舛添要一氏「口約束というのは酷すぎ」トランプ関税で日米双方を批判「世界経済を破壊する」

舛添要一氏(2016年5月)

前東京都知事で国際政治学者の舛添要一氏が、10日配信のABEMA報道番組「ABEMA的ニュースショー」に出演。トランプ米政権の日本への追加関税をめぐり、双方の見解に食い違いがあったことについて、私見を述べた。

番組では、トランプ関税をめぐり、日本政府側は15%未満の税率の品目は一律15%になり、牛肉など15%以上の場合は従来の税率が維持されるとして「上乗せ」を否定した一方、米政府は15%の「上乗せ」を発表し、赤沢亮正経済再生担当相が調整のため訪米を繰り返していること、合意文書がないことなどに触れた。

舛添氏は「きちんと文書をかわして…プラスもあるんですけど急ぐという意味では」と、大統領令の方が時間がかかわないことは認めながらも「ただやっぱり、会社との契約だってきちんと契約書を交わすわけで、口約束というのはちょっと酷すぎる」と、日本政府の対応を批判した。

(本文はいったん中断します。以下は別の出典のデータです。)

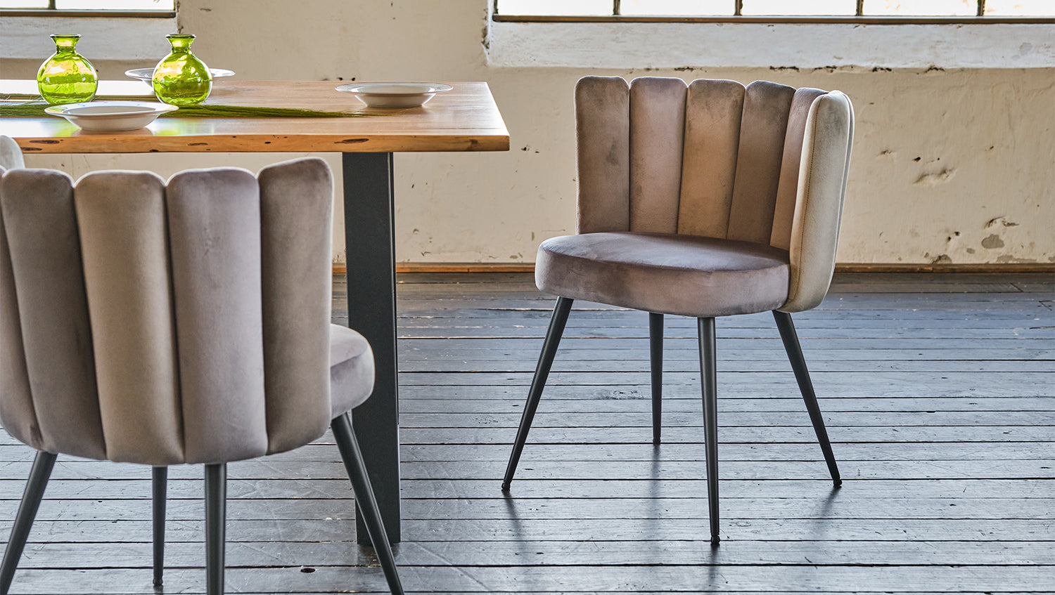 Silla KAWOLA JADA silla de comedor terciopelo gris pie negro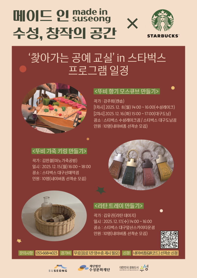 이번 ‘찾아가는 공예 교실’은 수성구의 조향·라탄·가죽공방 작가들이 직접 참여하며, 대구 지역의 스타벅스 매장 네 곳에서 진행된다.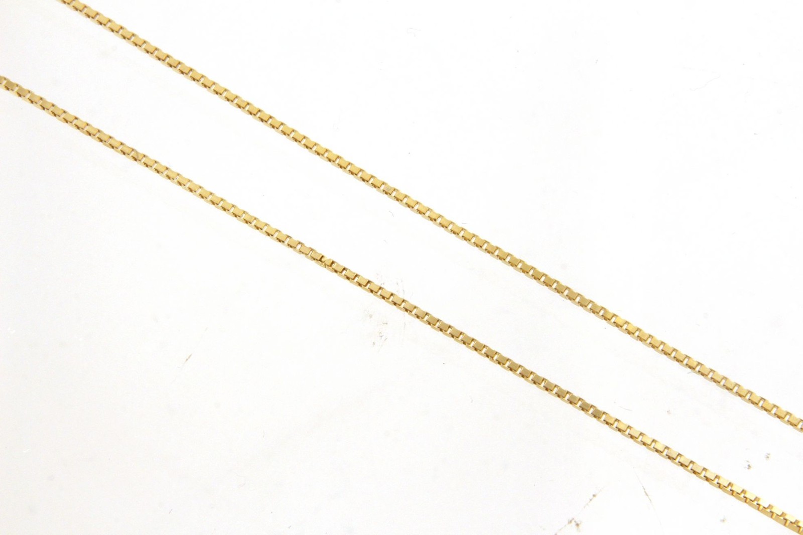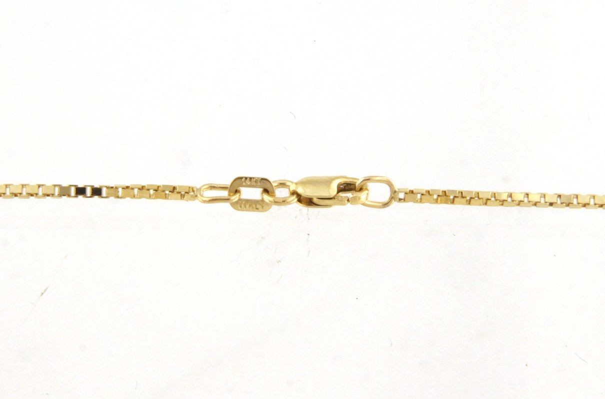 Type: ChainWeight: 2.8Karat: 14ktMetal: Yellow GoldGender: UnisexStyle: Box LinkSize / Length: 20"Owner applied: 585 14kt italyWidth: 1mmCondition:Used

また、赤沢大臣ががラトニック商務長官とベッセント財務長官とは交渉を重ね、「ラトちゃん」「ベッちゃん」と愛称で呼んでいるのに対して、USTRのグリア代表との交渉が伝えられないことも問題視。「USTRはジェイミソン・グリアというのがトップなんですけど、これはものすごくタカ派なんですね。赤沢さんとしては、財務長官と商務長官の2人、面白い名前で呼んでいたけど、そういうのとなら話はしやすい、グリアとは話がしにくい、といってやってない」と推察した上で「だけど、例えてみれば、日本に相手が来て財務大臣と話をした、だけど経産大臣とは話をしないで決めた、といったら、後で文句を言うに決まっているじゃないですか。相手側の総意として、文書じゃなくても、『アメリカ政府として』というのが入ってないところが問題」と語った。

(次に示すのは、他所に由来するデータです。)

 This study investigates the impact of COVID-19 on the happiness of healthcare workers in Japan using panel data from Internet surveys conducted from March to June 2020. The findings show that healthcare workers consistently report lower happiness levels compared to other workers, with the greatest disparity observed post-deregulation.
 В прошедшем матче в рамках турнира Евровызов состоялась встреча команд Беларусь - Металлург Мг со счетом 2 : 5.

舛添氏は「最後は何でもかんでも、トランプさんがOKすればいいよ、みたいな雰囲気になっているから、そこに頼っているんだけど、ちょっと、こういう交渉のやり方はまずいと思う」あらためて主張。「25%が15%になった時に、みんなが喜んだのは…高いんですよ、15%だって。ほとんどなかったんだから。だけど、不確定要因が取り除かれた、ということで安心していたわけですよ。ところがそれがひっくり返ったら、何をもって安心すればいいのか、いつからやるかも決まってないし」と語った。

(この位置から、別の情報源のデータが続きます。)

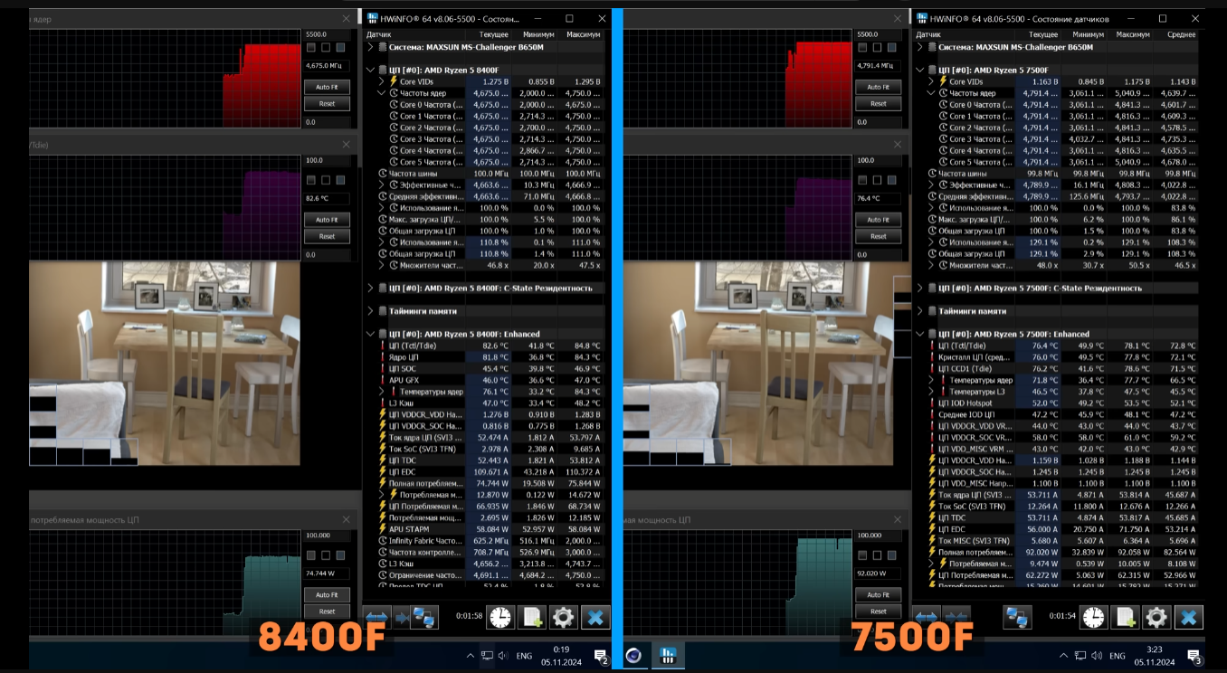 В Cinebench R23 оба чипа не смогли удержать максимальную частоту, но если 8400F провалился на 25 МГц, то 7500F — на все 200 МГц. К тому же 7500F потребляет больше 90 ватт, а монолитный чип 8400F всего 75 ватт. Это значит, что этот процессор заведется и будет работать на самых дешевых материнских платах с A620, на которых 7500F доводил VRM до 100°C.

また、トランプ政権についても「アメリカ側に言わせるといっぱい国があるから対応を1個1個やれない、と言うけど、EUという大きな経済パートナー、日本という経済パートナー、あと中国。2つ3つは主要なパートナーでしょ。そこをしっかり固めないで、ベトナム決めたとか、インドいじめてるとか、ブラジルやっている、と言うけれど、これは世界経済を破壊することになると思う」と、関税が高くなると伝えられる国もあげながら、米国側にも苦言を呈した。